Unfortunately I didn’t see exactly how/why it started, but I saw how it escalated from a couple of idiots to a mass brawl (as I’ll describe in more detail below). Alcohol was definitely a huge factor, but my best guess is that an argument broke out over people standing.

About midway through the second half we had by far our best spell of the game and we got 4-5 corners and free-kicks in and around the box. We were kicking towards the end where our support was, and so a lot of people stood to get a better view of set pieces etc. The problem with this is that if the person in front of you stands, the person behind can’t see, so they have to stand and it ripples backwards until everyone is standing. Couple this with the fact that people had paid £40-50 per ticket and a lot of people were sitting with young kids who had no chance of seeing with people standing – and you can see how an argument might start.

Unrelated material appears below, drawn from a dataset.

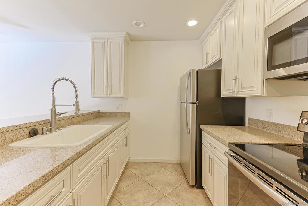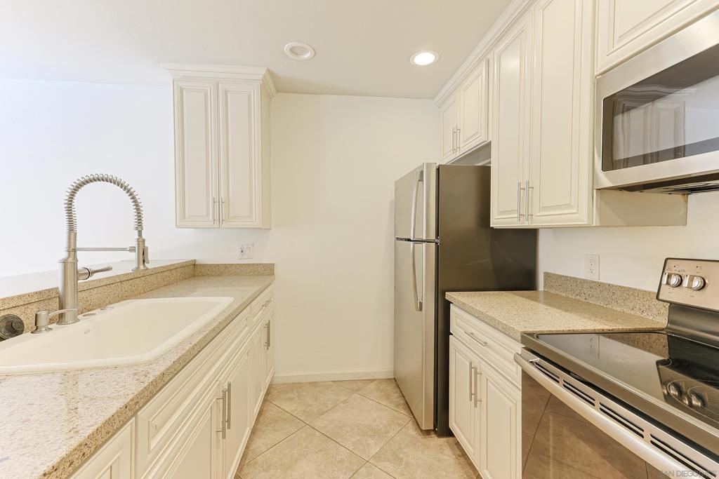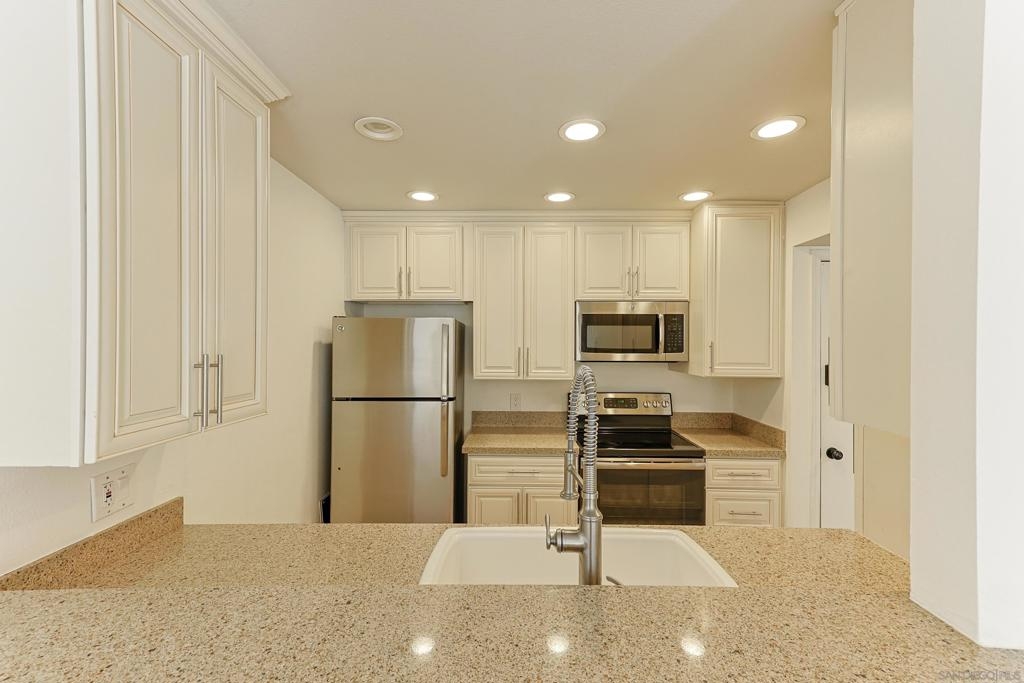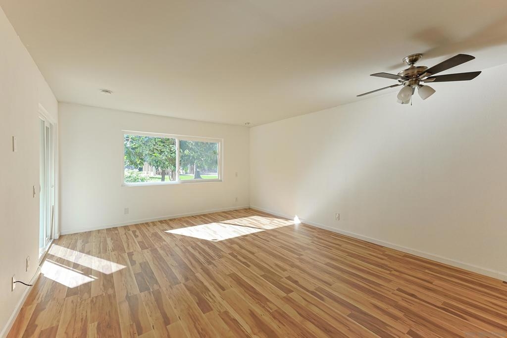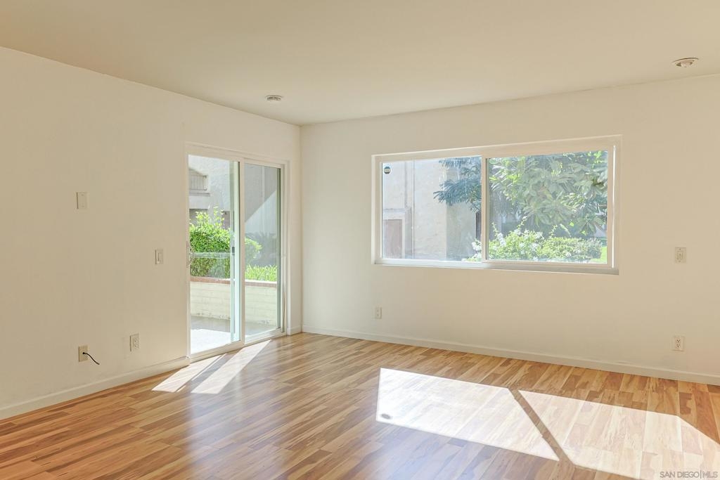 Welcome to the VA approved Mission Plaza community nestled in the heart of Mission Valley with beautiful park-like views! This ground floor end-unit condominium is quiet, bright, and inviting! The floorplan features an open living and dining room combo space with a slider door leading to a covered patio area. This condo comes with an efficiently organized galley kitchen, an upgraded bathroom, laminate flooring, forced heating and air, large bedroom closet space, and so much more! The Mission Plaza complex has many amenities including pools, a spa, tennis courts, picnic and BBQ space, and beyond! Close to shopping, restaurants, freeways access, local services, and Snapdragon Stadium - this is your opportunity to launch your new chapter!

Were fans from other clubs involved?

I’ve heard a few people mention that a West Ham supporter was involved or instigated the trouble. I’ve got no evidence for this, but I did see a 19-20 year old lad who had had his shirt ripped off and was trying to get away from the center of the brawl and down the block tunnel. Even if there was a West Ham supporter there, I don’t think he would have been brazen enough to wear his shirt – so I’m doubtful this was the case.

How did it escalate?

Like I have mentioned above, this started as a small pushing and shoving incident between 3-4 guys who probably had far too much to drink. Their fighting spilled into other rows of people who were just trying to watch the game and support their team. It’s understandable with so many families about how this would spark confrontation between 3rd parties to the initial fight. At this stage, however, it seemed to be one of these things you’d assume would blow over and go away. I was trying to watch the game, so I wasn’t really paying too much attention to it.

It’s important to remember that this was a fully packed area of the stadium, so it’s not like innocent people could easily just walk away from the trouble – they were in the middle of it whether they like it or not. This is when people started shouting to the stewards and police to try and get them to sort it out.

How did it get so out of hand?

Stewards: There were maybe 40 stewards between the pitch and the stand stretched out in two rows between Block 138 and Block 129. It looked like they were there to prevent a pitch invasion or something (which, by the way – was NEVER going to happen). You can’t tell from the stadium plan, but there are little gates at the front of each block giving the stewards access between the stand and the pitch side. If they needed to, they could easily have gone up through the stand and intervened. They did absolutely nothing. They had their backs to the game, most of them were sitting and facing the crowd, but none of them were physically doing anything. Most of them seemed to be just keeping an eye on their own designated block – almost as if their solution was to let the brawl sort itself out.

Police: There were pockets of police all over the stadium – mainly gathered in the little entrances at each corner of the pitch. They were patrolling the front of the stand earlier in the first half (before the trouble broke out) some of them had video recorders, presumably capturing evidence of people drinking/smoking etc. This in itself was quite provocative of them because there was no trouble at this stage and spirits were high amongst the crowd. Next thing you know, you are being recorded by stern looking police officers who were standing at the front of the stand facing inwards like they were at some kind of zoo exhibit.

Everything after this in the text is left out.